Task material »
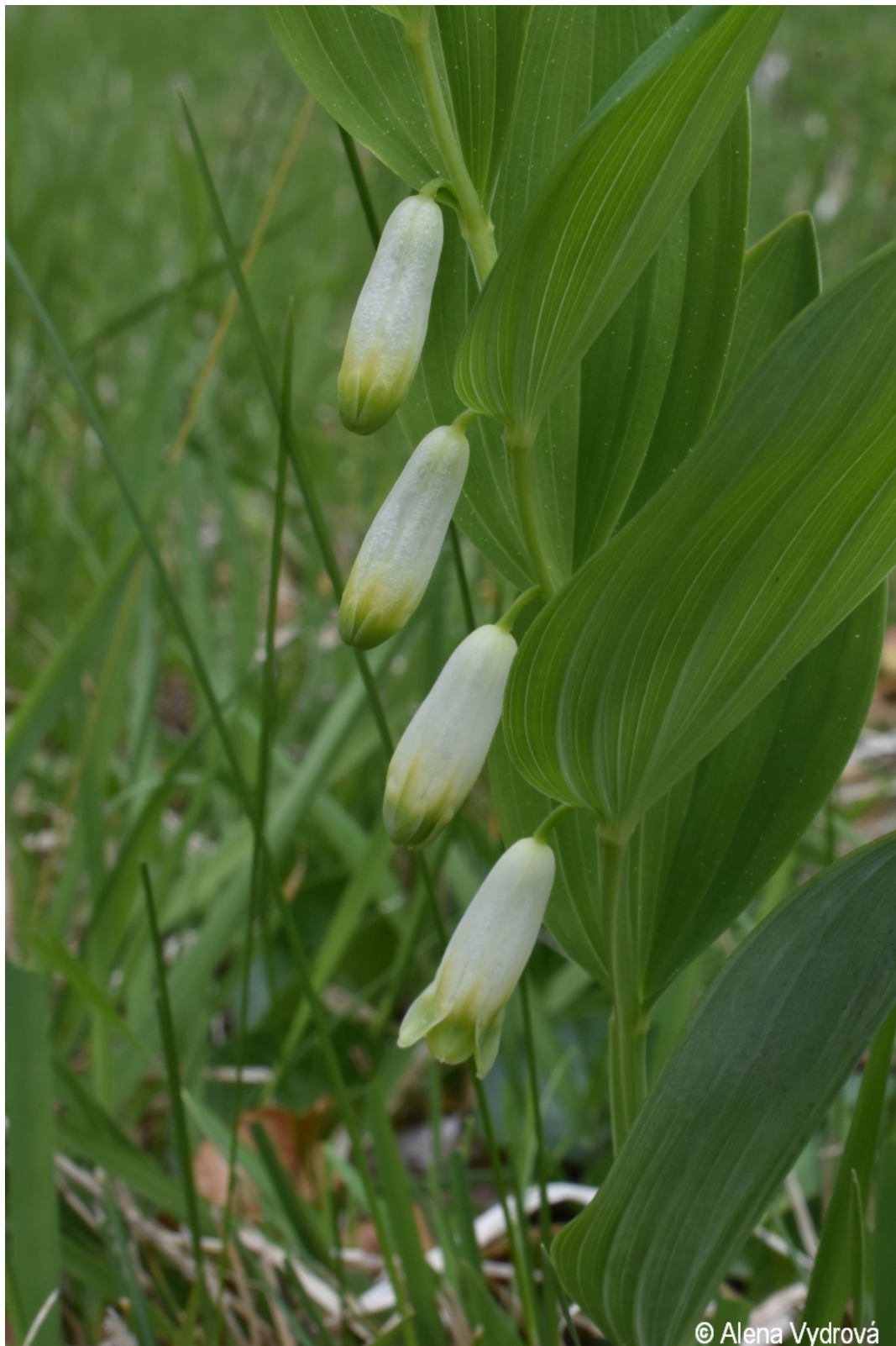
Polygonatum odoratum – Alena Vydrová – Milčice, louky nad Divišovským potokem.
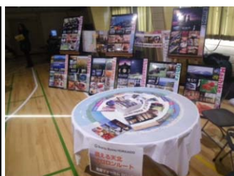
ルートテーブルの様子
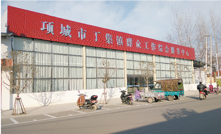
丁集镇群众工作综合服务中心
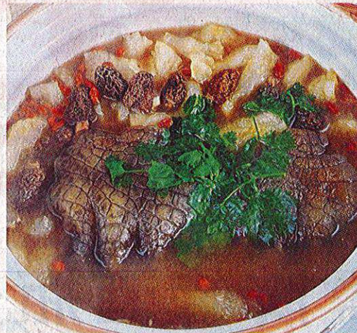
羊肚菌蹄筋鳄鱼掌
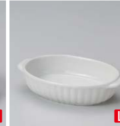
カ599-127 ホワイト両手楕円グラタン 18×11×4cm (40入・磁) 800円
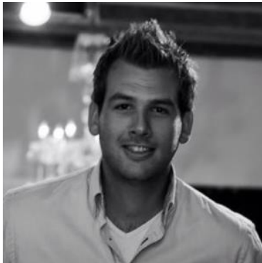
Frank Norda Syntrus Achmea Real Estate & Finance

Wij zijn zeven enthousiaste jongeren die het pensioenvirus hebben opgelopen. Gedurende een half jaar zijn wij tweewekelijks bij elkaar gekomen om de 'PensioenUber van de Toekomst' te bedenken. Al snel bleek dat er een probleem centraal stond voor ons: betrokkenheid. Ons doel is geworden om met CLOSE2ME die betrokkenheid te creëren. Dan zal ook, op termijn, het vertrouwen in de sector weer toenemen.
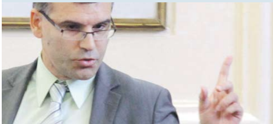
Симеон Дянков, министър на финансите

„ Приетите правила ще предпазват страната от необмислени ходове и гарантират стабилни условия за растеж “
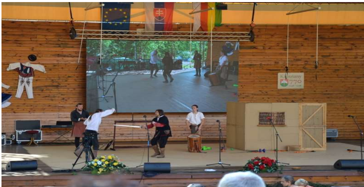
Vystúpenie Spolok šarišských šermiarov
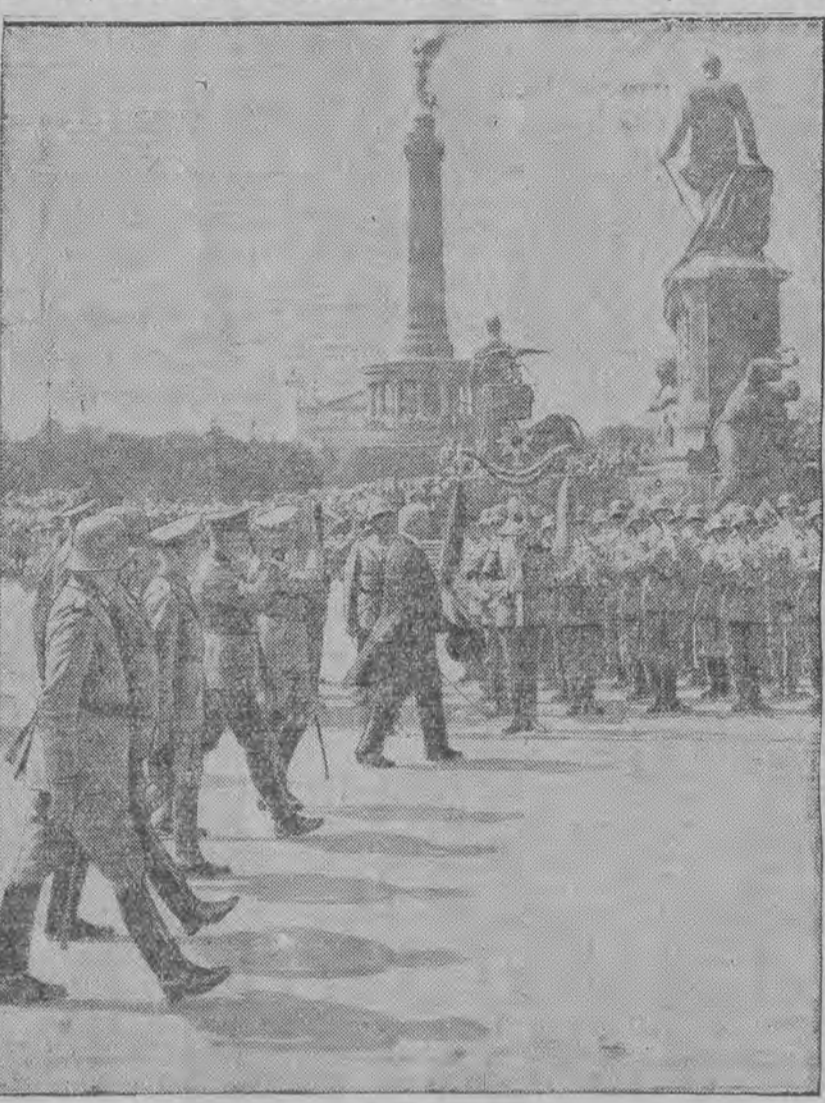
פרעזידענט הינדענבורג נעמט אויף דעם מיליטערישען פּאַרד.
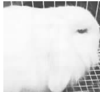
宠物也来凑热闹,曾经很瘦的兔子,现在变得很肥
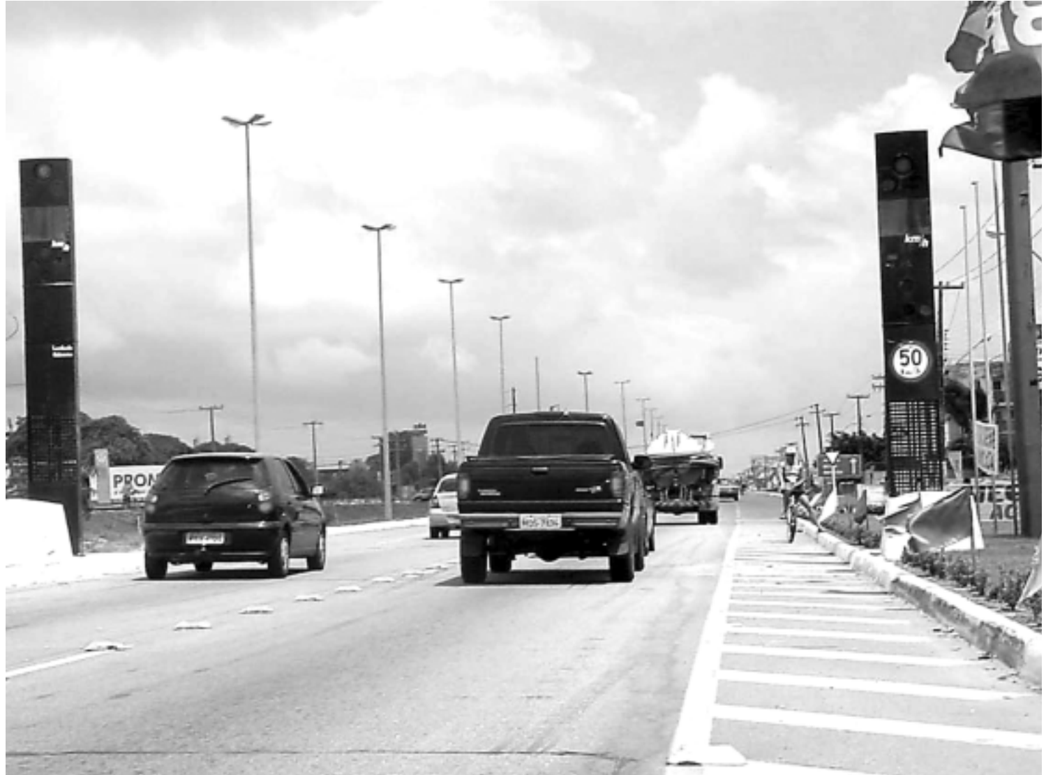
Além de melhorias estruturais, o projeto de restauração das vias federais que cortam a Paraíba conta com a instalação de 28 lombadas em 4 BRs

"Estamos sempre abertos ao diálogo com qualquer prefeito, de qualquer coligação. Nosso Governo não se atém às perseguições. O Governo serve para dialogar com as pessoas e promover o desenvolvimento. É por este caminho que vamos construir uma nova Paraíba", sinalizou o governador.
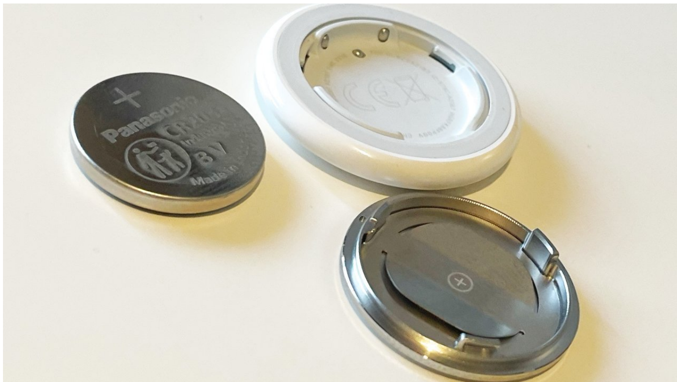
Uma tag desmontada

Não está fora dos limites da expectativa para a Apple trazer à tona uma versão que se encaixa em uma carteira sem uma protuberância reveladora. Mas, como terceiros já os estão fazendo, a Apple pode optar por manter um design que conhece bem, em vez de se ramificar.
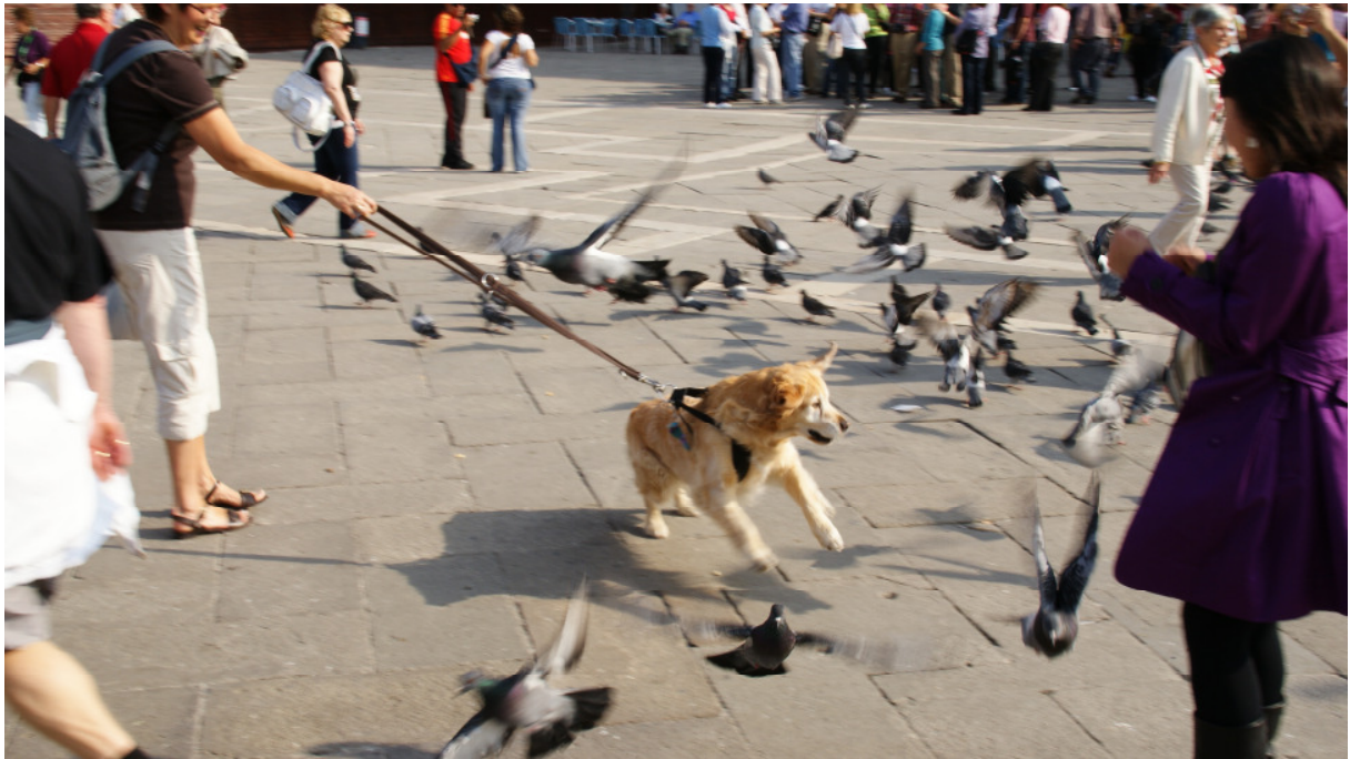
Lissy in Venedig „Tauben erschrecken macht Spaß“
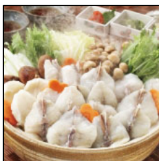
国産天然ふぐのちり鍋セット 2,980円(税込)
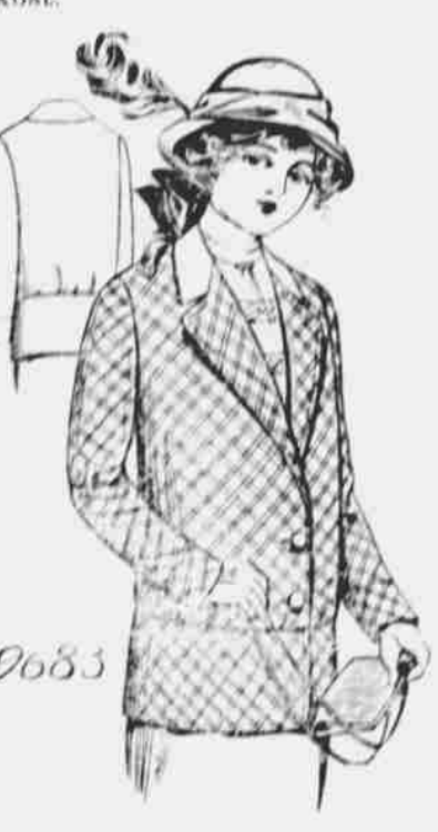
9683. Kabátek vzoru Balkán pro slečny a paní malé postavy. Střihy ve 4 velikostech: 14, 16, 17 a 18 let. Jest třeba tři yardy 44-palcové látky pro 16 let.

dobře si všiml, jakoby v jejím rudém svitu tam na mýtině nějaké přílby a kyrsy se blyskly. "Zrada!" zazněl divý výkřik, a jemu v zápětí následoval výstřel arkebuzy.
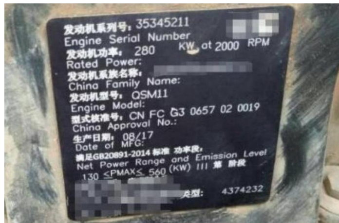
图 10 发动机铭牌图

2. 发动机铭牌是发动机厂家提供含有发动机基本信息的金属标识牌，它一般会明确发动机型式核准号、生产厂家名称、系族名称、型号、额定功率、生产日期、出厂编号、后处理类型、排放阶段等信息。固定在发动机使用寿命内不需要经常更换的部件上，通常会黏贴或铆接在发动机缸体上。具体示例详情如图 10 所示。

Required action » Scan the data above for the word "Paraíba". Copy every line in which it is found.

Response »
Além de melhorias estruturais, o projeto de restauração das vias federais que cortam a Paraíba conta com a instalação de 28 lombadas em 4 BRs
"Estamos sempre abertos ao diálogo com qualquer prefeito, de qualquer coligação. Nosso Governo não se atém às perseguições. O Governo serve para dialogar com as pessoas e promover o desenvolvimento. É por este caminho que vamos construir uma nova Paraíba", sinalizou o governador.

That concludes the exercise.